Dataset records:
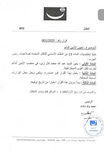 وقال الحزب إن تعيين ولد محمد فال زين يأتي طبقا لمقتضيات المادة 23 من النظام الأساسي للتكتل المحددة لصلاحيات رئيس الحزب.
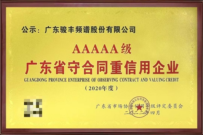 人無信不立,業(yè)無信不興,誠實守信無疑是企業(yè)的立身之本、發(fā)展之基。4月,廣東省市場協(xié)會公示了2020年度首批“廣東省守合同重信用企業(yè)”等級評定結(jié)果。本次守重等級評定中,全省共有618家企業(yè)在廣東省市場協(xié)會守合同重信用申報系統(tǒng)完成首批申報,最終有285家企業(yè)通過廣東省“守合同重信用企業(yè)”等級評定,其中5A級74家,包括廣東駿豐頻譜股份有限公司在內(nèi)的多家企業(yè)上榜。
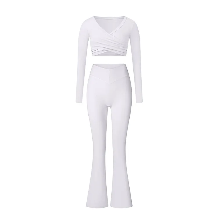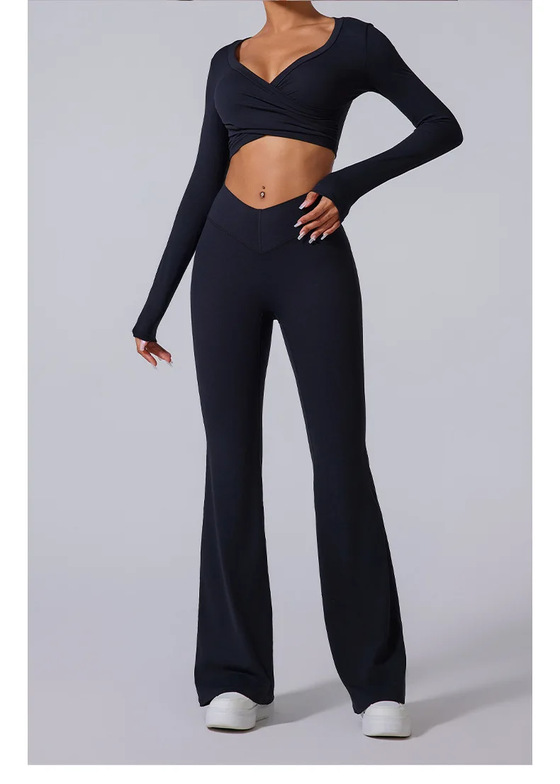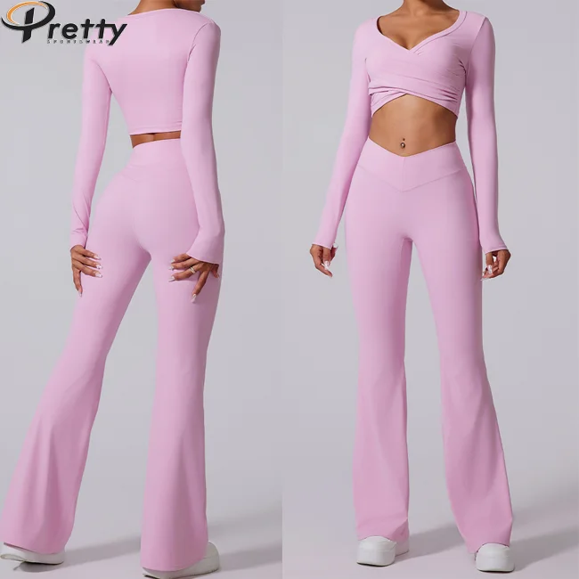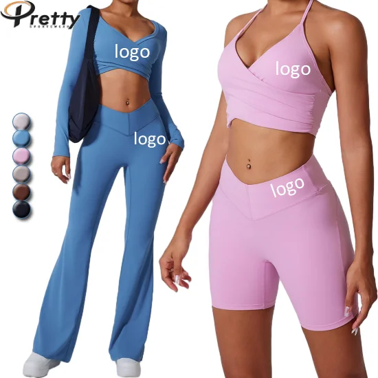 Custom Woman Clothing Women Gym Fitness Sets 4 Piece Yoga Suit Sportswear Sexy Long Sleeve Crop Tops Yoga Leggings For Women
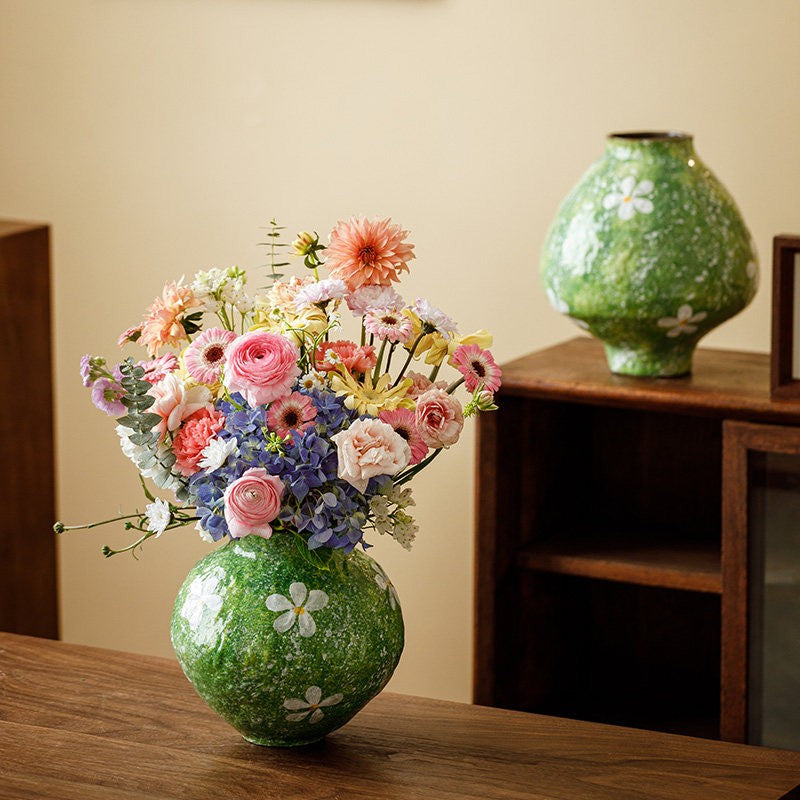 Modern Pottery Flower Vases, Centerpiece on Dining Table, Handmade Water Holding Flower Vases, Pottery Bud Vases, Large Green Flower Vases on Table
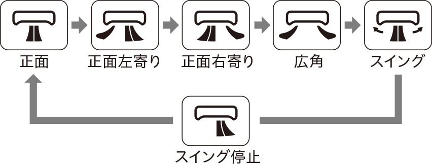 リモコンの左右風向ボタンを押すごとに風向が切り替わります。
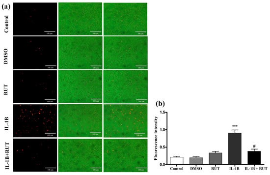 Propidium iodide test (IP). EGCs were exposed to IL-1β (5 ng mL−1) and untreated or treated with rutin (1 mmol) for 24 h. (a) Photomicrographs of cells stained with IP (control, DMSO, rutin, IL-1β, and IL-1β+ rutin). (b) Fluorescence intensity. *** p < 0.001 (IL-1β vs. DMSO) and # p < 0.05 (IL-1β+Rut vs. Rut). One-way ANOVA was conducted, followed by Bonferroni post-test; n = 8 per group.
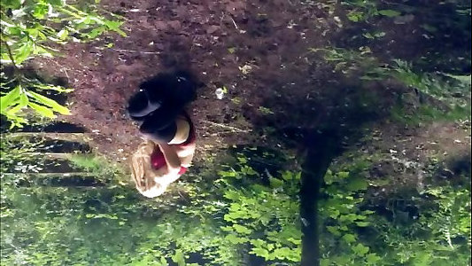 sissy crossdresser fricotant avec un faux pénis dans la forêt
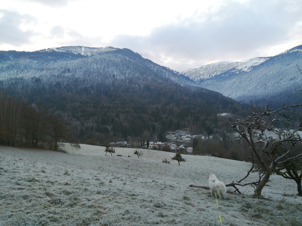 Le paysage ici est objectivement grandiose, l’énorme masse blanche de Belledonne contrastant admirablement avec les prés verts ensoleillés et la combe prise dans l’ombre bleu gris, mais je ne garde en tête que les hurlements des chiens et l’image du jeune chevreuil caché.
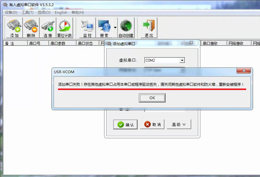 1:虛擬串口軟件,添加虛擬串口失敗問題。
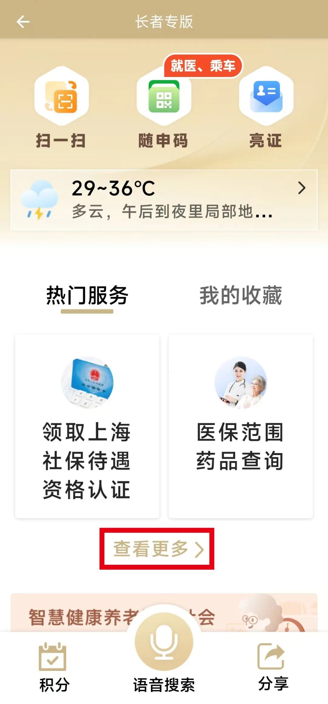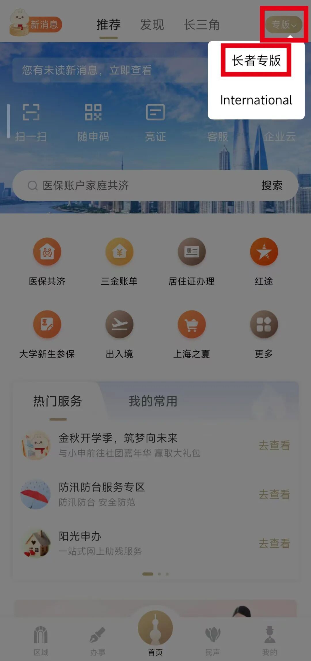 通过微信小程序搜索并打开“随申办”(或通过支付宝进入“随申办”、或“随申办”APP直接进入),点击主页右上角的“专版”,然后点击“长者专版”:

Assigned task >>
Write back the stretch of lines above that begins with the line holding "Propidium iodide test" and ends with the line holding "sissy crossdresser fricotant", both included, exactly as written. Pictures stay out.

Response to the exercise >>
 Propidium iodide test (IP). EGCs were exposed to IL-1β (5 ng mL−1) and untreated or treated with rutin (1 mmol) for 24 h. (a) Photomicrographs of cells stained with IP (control, DMSO, rutin, IL-1β, and IL-1β+ rutin). (b) Fluorescence intensity. *** p < 0.001 (IL-1β vs. DMSO) and # p < 0.05 (IL-1β+Rut vs. Rut). One-way ANOVA was conducted, followed by Bonferroni post-test; n = 8 per group.
 sissy crossdresser fricotant avec un faux pénis dans la forêt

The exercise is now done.